Family caregivers also already spend huge amounts of time navigating numerous bureaucratic hurdles, and new work requirements will add to the paperwork they have to fill out to prove they are eligible for health care under Medicaid.   

This extra administrative work also increases the likelihood of errors occurring in the eligibility system, which could delay coverage or prevent some from being enrolled altogether, according to Edwards.   

That is what happened to many Medicaid recipients in Arkansas and Georgia when the two states implemented work requirements in 2018 and 2023, respectively.   

More than 18,000 people in Arkansas lost Medicaid coverage over the 10-month period the state rolled out work requirements without increasing employment, according to a KFF analysis. Georgia still has one of the highest uninsured rates in the country at 12 percent, according to the Commonwealth Fund.   

“We anticipate [them] not just being faced with these eligibility issues, but family caregivers losing Medicaid coverage because of these additional hurdles that they’ll be forced to traverse,” Resendez said.   

About 11 million family caregivers in the U.S. receive payment for the care they provide, according to Resendez. Those payments primarily come through home and community-based services and consumer-directed programs at the state level.

But those programs will likely start to lose funding as states are forced to decide what to fund with fewer Medicaid dollars, experts told The Hill.   

“When states have less money and are forced to make decisions, home and community-based services are the first optional benefits to get cut,” Resendez said.   

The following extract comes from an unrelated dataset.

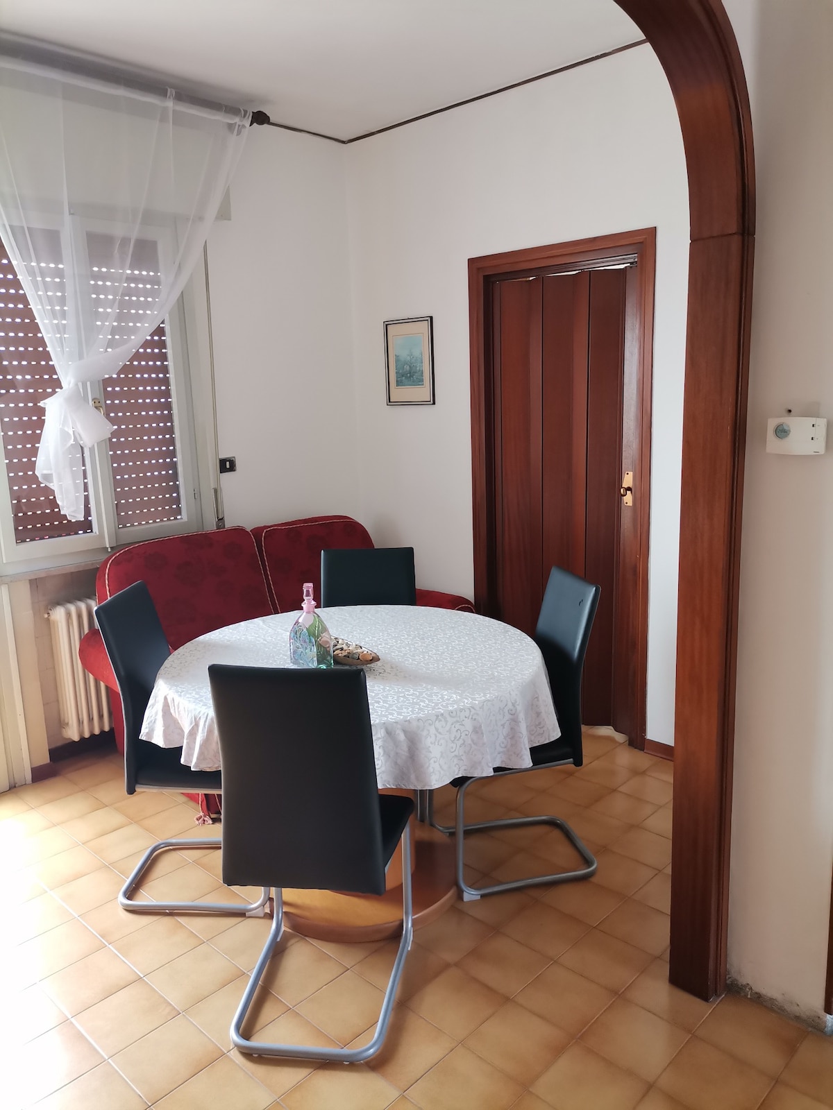 Recently renovated 110 sqm apartment, very bright and quiet, located on the third floor of the building equipped with elevator. Large living/dining room with sofa bed and separate kitchen, 3 bedrooms (1 double bed, 1 single bed and 1 bunk bed), 2 large bathrooms, small terrace. The center can be reached on foot in a few minutes (about 150 meters from the main course), below the house there is a covered public parking, a breakfast bar and a hairdresser, while the cinema, pharmacy and hospital are a few meters away.

Tschudi, as well as her husband and second daughter, are all paid family caregivers under a home and community-based service their home state of Oregon’s Medicaid program provides. Without that program, her family would likely have to go back to unpaid caregiving, which would not be financially possible at this time. 

“I don’t wish it on anyone,” Tschudi said about the struggles that come with unpaid caregiving. “I really think you leave families in an impossible situation when you don’t pay for caregiving.”